Au bout de deux minutes, je me suis rendu compte que faire ça dans des escaliers était tout sauf pratique, et c’est pour ça que j’ai décidé de te retourner. Là, voilà. C’était bien mieux. Il faisait sombre donc je ne pouvais pas profiter de la vue au maximum, mais c’était très plaisant de t’avoir à moitié à quatre pattes et de pouvoir te diriger. Contrôler la profondeur de la pénétration, la vitesse, la puissance. Je variais les combinaisons pour te tester, te taquiner, t’énerver. C’était tellement bon que j’avais du mal à me retenir.


Moi qui ne voulais pas venir à cette soirée, voilà que je me retrouve dans une quadragénaire qui ne m’attirait absolument pas il y a une heure.


Tu m’as sorti de mes pensées lorsque tu t’es relevée en vitesse en entendant quelqu’un arriver. Nous nous sommes cachés dessous les escaliers. La situation était cocasse : toi avec ton pantalon et ta culotte aux chevilles, moi avec ma queue dans la main. Nous entendions des voix, celles de ta nièce et de ta sœur qui descendaient. Elles se sont assises sur les marches pour discuter. Elles parlaient de toi. Elles disaient que ça faisait plaisir de te revoir après tout ce temps. Bref, c’était chiant.


On s’est regardé et je crois qu’on a pensé à la même chose, car quand je me suis approché lentement de toi pour ne pas faire de bruit, tu m’as tourné le dos et a posé tes mains sur le mur. Je t’ai pénétrée tout doucement. J’ai vu ta main descendre entre tes jambes. Tu ne voulais pas que ça dur, tu voulais jouir. J’étais de plus en plus excité : je baisais la tante de ma meilleure amie pendant qu’elle riait avec sa mère juste au-dessus de nos têtes.


J’avais du mal à me contrôler et je te pénétrais de plus en plus rapidement pendant que ta main allait de plus en plus vite sur ton clitoris. Ta respiration se faisait de plus en plus fort et j’ai dû te mettre la main sur la bouche, car les deux femmes ne parlaient plus. La situation t’a vraiment excitée, car j’ai senti ton vagin se contracter et ta main vibrer entre tes jambes.

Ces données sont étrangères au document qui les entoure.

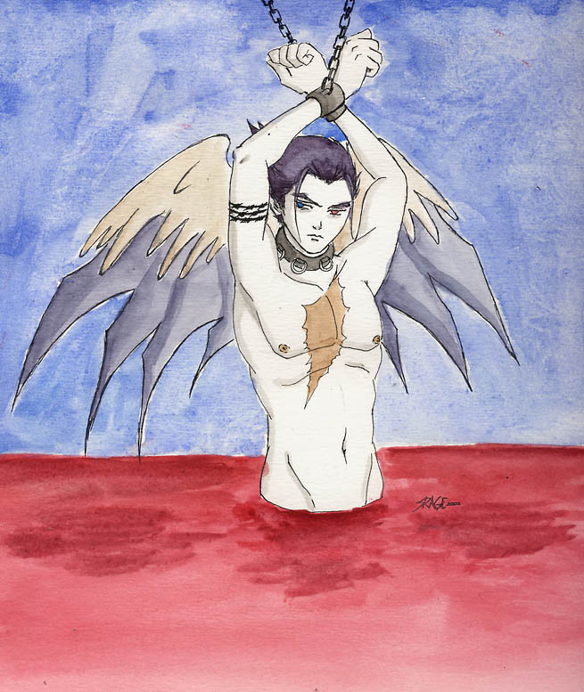 | A piece I am most proud of at the moment(5/8/02). Kazuya is depicted as a fallen angel held in bondage in his Hell; a Hell of blood that he is accused of having spilled during his previous life. Watercolour. | |
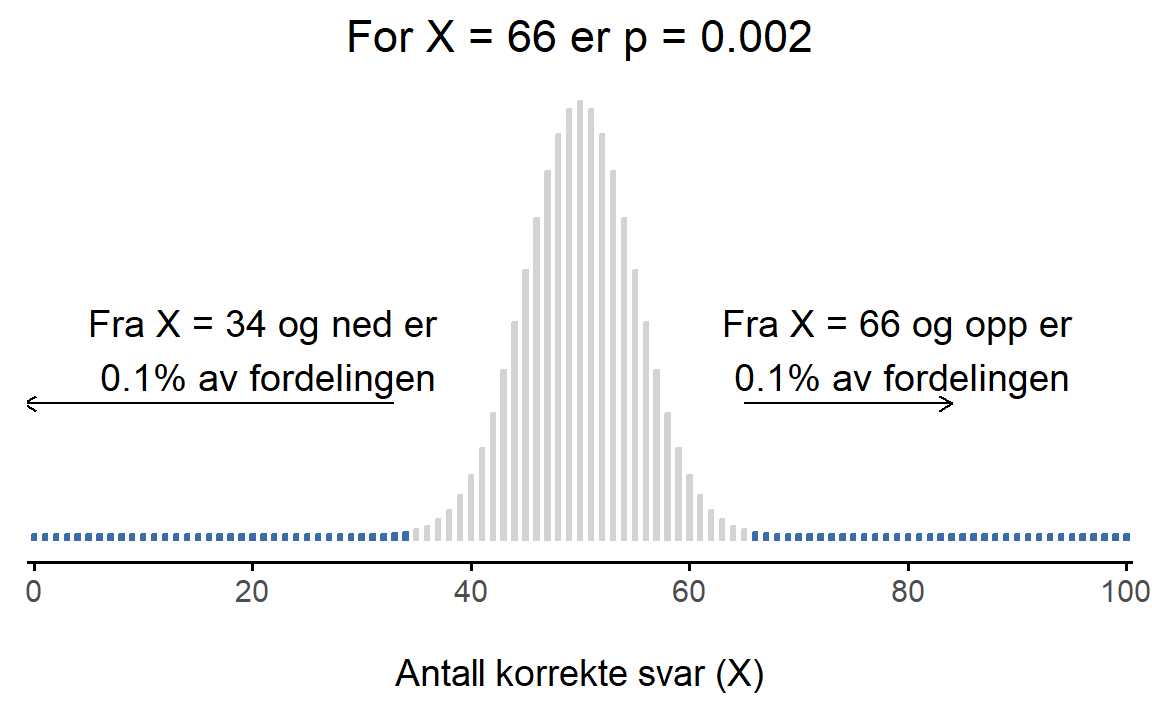 I Figur 8.4 (b) ser vi at halene utenfor X = 66 utgjør 0{,}1\% av fordelingen, altså at p = 0{,}002. Det betyr at det er svært sjeldent å få en testobservator som er mer ekstrem enn X = 66, altså som er større enn 66 eller mindre enn 34. Dette tolker vi som at X = 66 er en verdi som er lite kompatibel med nullhypotesen.

Tu t’es décalée et as doucement remonté ton pantalon. J’ai retiré la capote qui était vide et tu m’as murmuré un “désolé”. Je t’ai souri. Quelque chose me disait que ce n’était que partie remise. Ta nièce se demandait où tu étais. Elle et ta sœur sont remontées pour te chercher, et tu es partie en premier les rejoindre. Je suis resté sous les escaliers pendant cinq minutes en pensant à tout ce qui venait de se passer, puis je suis remonté.